Today is Sunday and outside of Christmas very few deliveries are made on Sundays.


----------



## Robby (Mar 1, 2013)

My response was based on part in stock.

Because both holidays fell in the middle of each week all parts deliveries (everyone, not just G.M.) are disrupted.....truth be told, over a two week period you are only working with six warehouse operation and delivery days.

So, I would be easy on your dealer for now.

Rob


----------



## cruze01 (Mar 25, 2011)

Toothless,
How many miles you got on your Cruze? Did they give you a reason why you would need a steering rack? That sounds like an unlikely thing to go bad. Hope it doesn't prove to be a common problem.... I bet it aint cheap!


----------



## Toothless (Apr 7, 2013)

cruze01 said:


> Toothless,
> How many miles you got on your Cruze? Did they give you a reason why you would need a steering rack? That sounds like an unlikely thing to go bad. Hope it doesn't prove to be a common problem.... I bet it aint cheap!
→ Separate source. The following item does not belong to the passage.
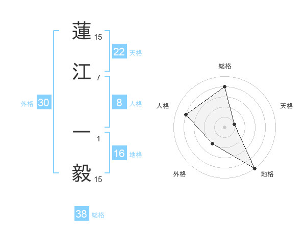 蓮江 一毅さんの総格は38画の4点!

I have around 11,000 miles on my 2013 Cruze. They are replacing my power steering rack because it is doing that notchy thing everyone is complaining about. MIne was so bad that it would lose power steering at around 20mph on a occasional basis. THey are also replacing my e-brake because the cable was too stretched or something from the last time i brought it in to get serviced.


----------



## Toothless (Apr 7, 2013)

Robby said:


> My response was based on part in stock.
> 
> Because both holidays fell in the middle of each week all parts deliveries (everyone, not just G.M.) are disrupted.....truth be told, over a two week period you are only working with six warehouse operation and delivery days.
> 
> ...


They told me when i brought it in that they had the parts to fix it because a lot of the cruzes were coming in with the same problem i was having


----------



## *tim* (Aug 7, 2013)

my 14 cruze with less then 1000 miles is getting a new rack also. the dealership told me they would call me when they got the part in and if i dropped it off in the morning they would bring it to my work by the end of the day


----------



## earthgirl (Dec 26, 2013)

This steering problem has me worried. How many people are having this issue?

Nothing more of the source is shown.